Saturday, September 15, 2018

PRICE DISCRIMINATION: DIFFERENT PRICE FOR DIFFERENT CUSTOMERS

Many times we get to know from our friends and relatives that they got the same product that we have also bought and from the same seller but at a different price. This is called price discrimination.

Price discrimination is the practice in which the sellers sells the same product at different prices to different customers. This is a strategy by the sellers to get the maximum possible revenue from a product or service.

There are 3 types of price discrimination:

1) Perfect price discrimination.
2)Market per segment based price discrimination.
3) Price discrimination by self selection.

Example for price discrimination:

We can see price discrimination at the time of festival and wedding seasons.
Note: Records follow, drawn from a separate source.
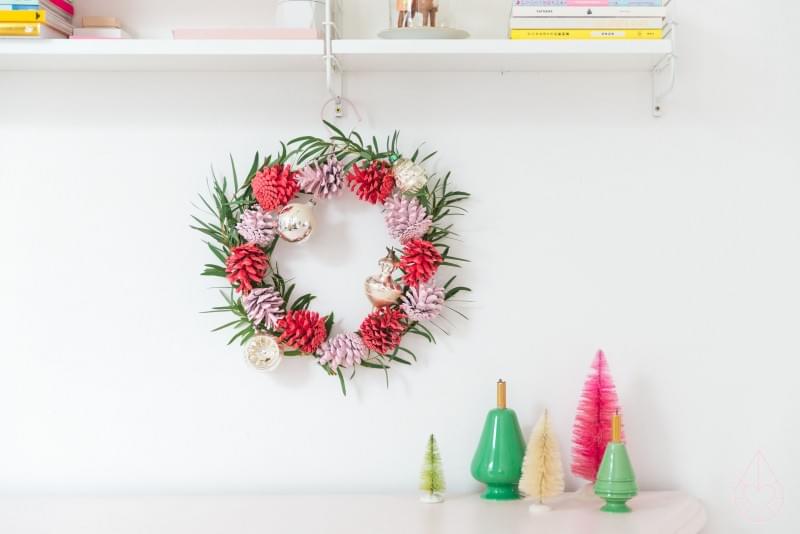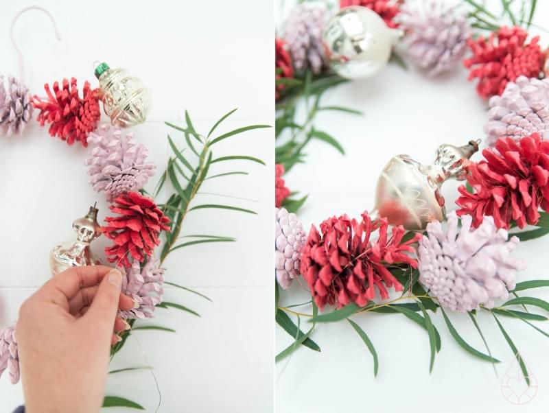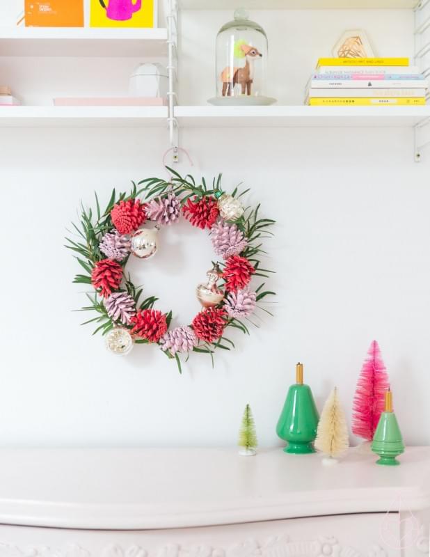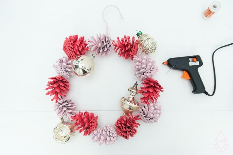 Met een kleerhanger, vintage kerstballen, dennenappels en verf maak je supersnel deze roze kerstkrans. Zin in een ander kleurtje? Dan kan natuurlijk ook!
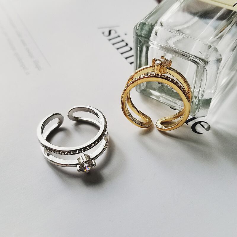 送料無料 シルバー/ゴールドカラーAAAキュービックジルコン調節可能なオープンファッションプロミスリング女性はパーティーを愛する女性のアネルフィンガージュエリーR4679 アジャスタブル 指輪 銀 アクセサリー AE00116638944530177
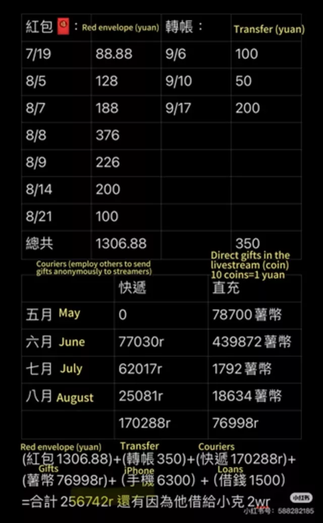 来自中国台湾的乔乔(化名)不幸成为这种直播产品的受害者。她在小红书发文,自述曾在该平台的某直播间(现已注销)向某男主播豪掷约25.6万元(人民币,下同),包括直播打赏、微信转账、赠送iPhone手机,以及在主播困难时提供的借款。
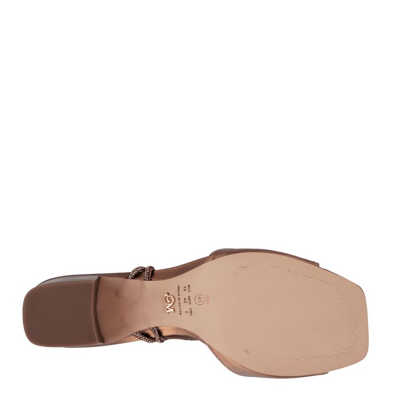 Tamanco com tira grossa na frente e tiras onduladas com strass no peito do pé com salto blocado Cou...
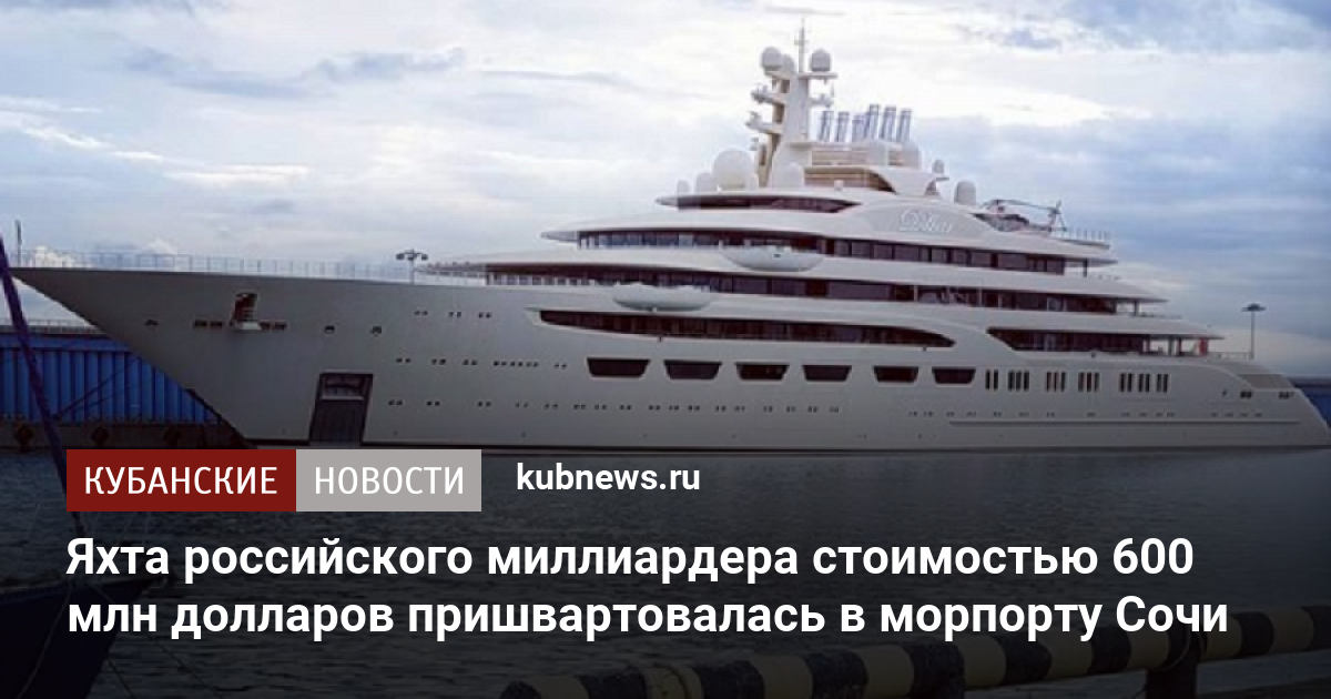 Супер-яхта Усманова за $650 млн вызвала ажиотаж в морпорту Сочи . GLOBAL LOOK PRESS . Одна из самых дорогих яхт в мире бросила якорь в морском порту «Имеретинский» в Сочи . По некоторым данным, Супер-яхта . . .
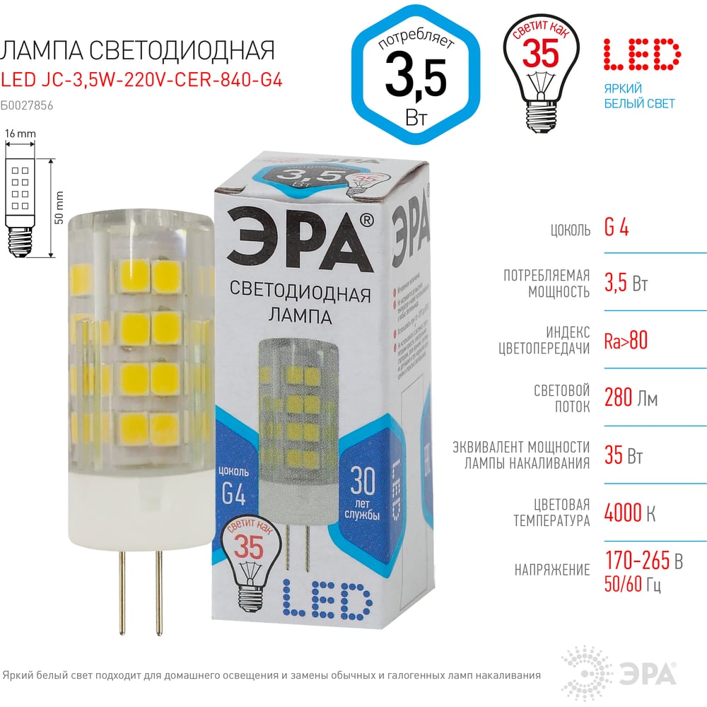 Светодиодная лампа ЭРА LED smd JC-3,5w-220V-corn, ceramics-840-G4 Б0027856
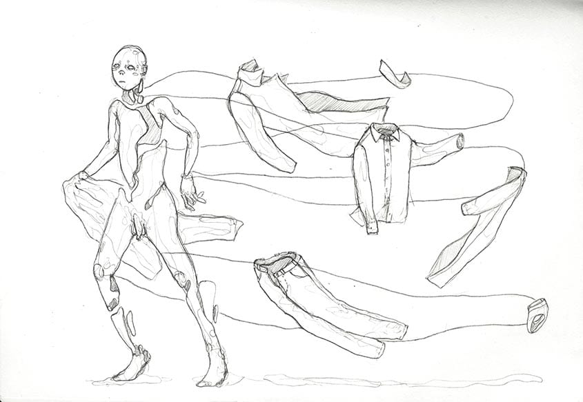 Having no anchor, or real place to call ‘home’, the elements of the ‘walking wardrobe’ become one’s improvised, immediate shelter.
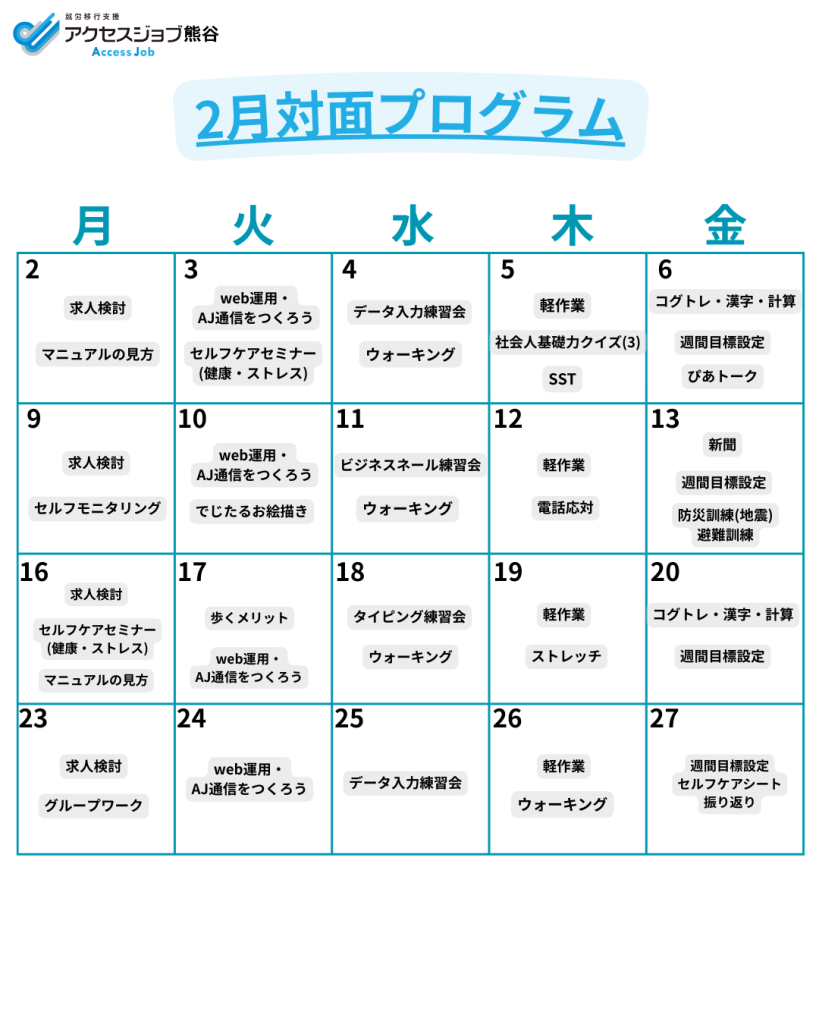 2月対面プログラム案内|就労移行支援事業所アクセスジョブ熊谷

Different people have different income levels. At start they offer the goods at certain price, then on the peak days of that festival or wedding seasons, they charge different price for the same product to earn the maximum profit. They change the price even after 1 hour or 2 hours. And because it's a festival  time, then everyone has to buy that product, so the sellers sometimes based customer's income levels or based on their immediate requirements, increase the price of their goods.

Price discrimination can be done in case of bulk orders. Suppose, a saree seller sells a saree at Rs. 1000 to a customer if 1 saree is purchased. But if a customer is taking 10-15 sarees, then the seller decrease the price per saree at 800 or 900 per saree. So saree is the same but price is different.